Finding holes in the Web browser
The spyware taking up residence in a computer may be an ActiveX control, a browser snap-in (intended to extend browser functions), a browser helper object, or a standalone executable that is loaded into the user’s computer when he or she visits a Web site that contains the spyware. The spyware may load because of a security setting that is too lax, such as permitting the downloading of unsigned ActiveX controls. Spyware can also install itself via one of many vulnerabilities that have been discovered in recent years. For instance, it could be an ActiveX control that is specially designed to fool the browser into thinking that the control is coming from a Trusted Sites Zone or Intranet Zone instead of the Internet Zone.

Tagging along in e-mail
E-mail programs that display HTML e-mail (such as Outlook, Outlook Express, and Mozilla Thunderbird) are often subject to the same vulnerabilities that have beset Microsoft Internet Explorer in recent years. Often, just displaying a mail message is sufficient for the spyware to get loaded in the user’s computer. This is because Outlook is using the same vulnerable DLLs to display HTML as is used by Internet Explorer.

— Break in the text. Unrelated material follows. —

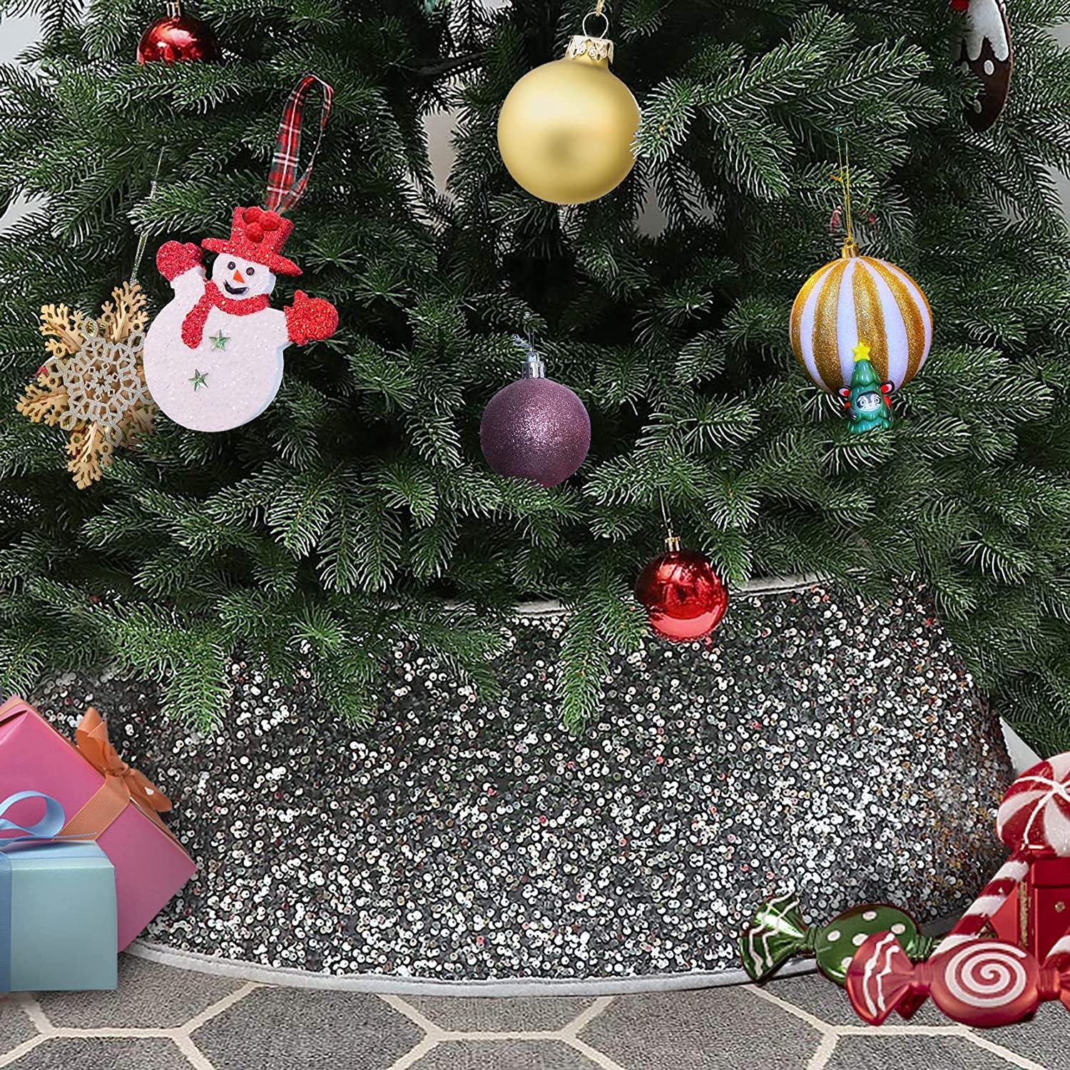 2022 Christmas Tree Skirt Gray ,Tree Collar for Chirstmas Box Base Plastic and Removable Tree Ring Decorations for Christmas Tree Ornaments Indoor Outdoor Home Holiday Decor Gift

Hiding in software downloads
Many downloadable software programs — and programs that you can purchase online or over the counter — contain spyware programs that are silently installed when you install the software. Sometimes (but not always), the software’s
End User License Agreement (EULA) states that “other programs may be installed.” How many people read the fine print? I must admit that I don’t always read the EULA before installing software. Maybe you should add “carefully read all license agreements” to your list of New Year’s resolutions, no matter what time of year it is now.

Peer-to-peer file sharing
Although nothing is inherently wrong with peer-to-peer file sharing, almost all its actual uses are illegal, and as the saying goes, “If you play with fire, you will get burned.” The predominant use of peer-to-peer file sharing is to share music files and other protected or copyrighted content, typically illegally, with others on the peer-to-peer network. Legal problems aside, the software for these peer-to-peer networks leaves a computer or network open to spyware in the following ways:

- The software doesn’t limit the files that might be shared to just music, so frequently what comes down the peer-to-peer pipe is spyware.

-Some peer-to-peer programs themselves have spyware bundled with them that gets installed when the peer-to-peer program is installed. The result is a pretty ugly situation. Not only does the peer-to-peer software poke several holes in your system, enabling spyware to seep in, but some software also contains vulnerabilities that allow people to retrieve any file they choose to from the peer computer. Is it any wonder, then, that many companies forbid the use of peer-to-peer sharing programs?